The numerical model is purposely streamlined, keeping only the essential features needed to replicate the experimental observations. In that regard, it suffers in appearance from not seeming clinically relevant. For instance, we assume steady and laminar flow, whereas it is not the case in vivo. Recent work from INSIST partners59 identified up to 4 different patterns of flow in clotted regions of ischemic stroke patients: slow anterograde, fast anterograde, retrograde and mixed anterograde–retrograde flows. Anterograde flow designates the expected direction of the flow, i.e. from proximal to distal, while retrograde means the opposite direction. These different flow patterns undoubtedly affect the transport of lytic drugs to the occlusion site and, eventually, the evolution of the lysis. Also, the artery is here modeled by a rigid tube, and clot fragments stay in place until totally lysed, even when disconnected from the wall or the main clot chunk. Fortunately, thanks to its design, the model could be easily extended to include conditions closer to in vivo thrombolysis. We could instead reconstruct60 patient-specific geometries with collateral vessels and try to reproduce the complex flow conditions observed in AIS patients59. In doing so, we could hypothesize the effect of artery geometry, thrombus location, and drug injection patterns on lysis efficacy. Seners et al. have reported that distal thrombi lyse faster than proximal thrombi61. One could use the numerical model to assess whether this discrepancy comes from the shape and composition of distal clots, local flow conditions, or both. The model may estimate the risk of thromboembolism by accounting for the interaction of the disconnected clot components with the fluid. Using methods for moving boundaries or modifications of the PBB approach62,63, would allow to make these components move with the fluid, aggregate with other fragments, re-adhere to the main clot, or eventually leave the system, hence mimicking thromboemboli. Future works will incorporate these processes to extend the model to assess whether certain conditions in our numerical experiments are more likely than others to form emboli.
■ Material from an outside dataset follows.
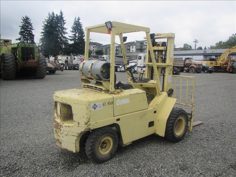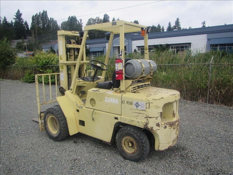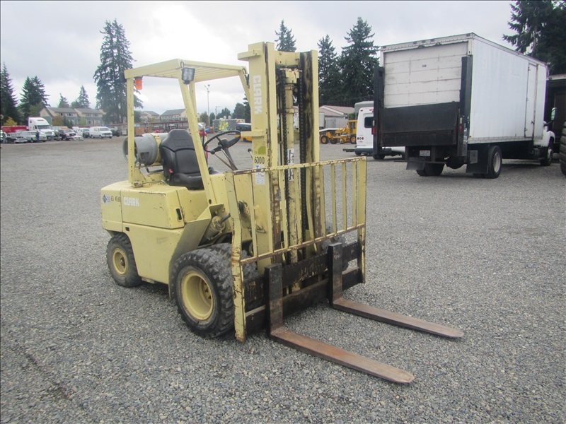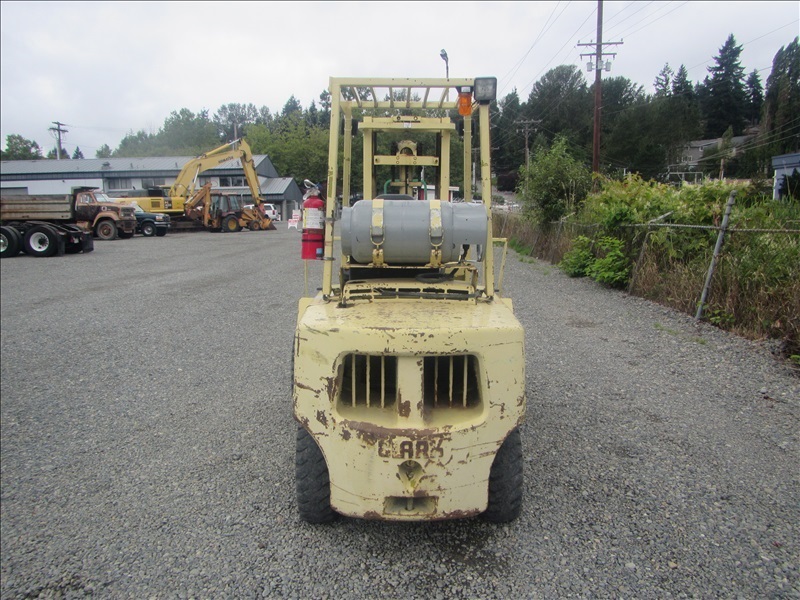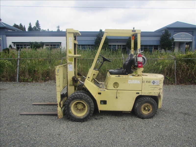 6,000 LB DUAL PNEUMATIC TIREFORKLIFT, 124" FORK HEIGHT,2-STAGE MAST, 4 CYL PROPANEHOUR METER READS: 748

During the last two decades, we have witnessed an unprecedented revolution in treating acute ischemic stroke. Indeed, intravenous thrombolysis and endovascular mechanical thrombectomy therapies have entirely changed patient outcomes. However, disappointingly, while the endovascular mechanical thrombectomy allows for up to 85% of reperfusion in acute ischemia related to large vessel occlusion, the intravenous thrombolysis is still associated with low recanalization rates, less than 30%, in large and medium-sized vessels. Understanding conditions that increase lysis rates is essential to improve stroke therapies and should help explain clinical failures. In summary, we proposed a versatile and evolutive framework combining modeling and in vitro experiments to improve our understanding of fibrinolysis of pure fibrin occlusive clots in a tube. The one-dimensional model is purposely simplified to be solved analytically to predict front lysis time evolution. In future work, we aim to extend the model to incorporate more details of the clot structure and investigate further lysis patterns, including fragmentation, of clots with heterogeneous permeability and compositions. We intend to provide valuable knowledge to understand better the thrombus’s pathophysiology and its treatment with intravenous thrombolysis to improve the patient’s care.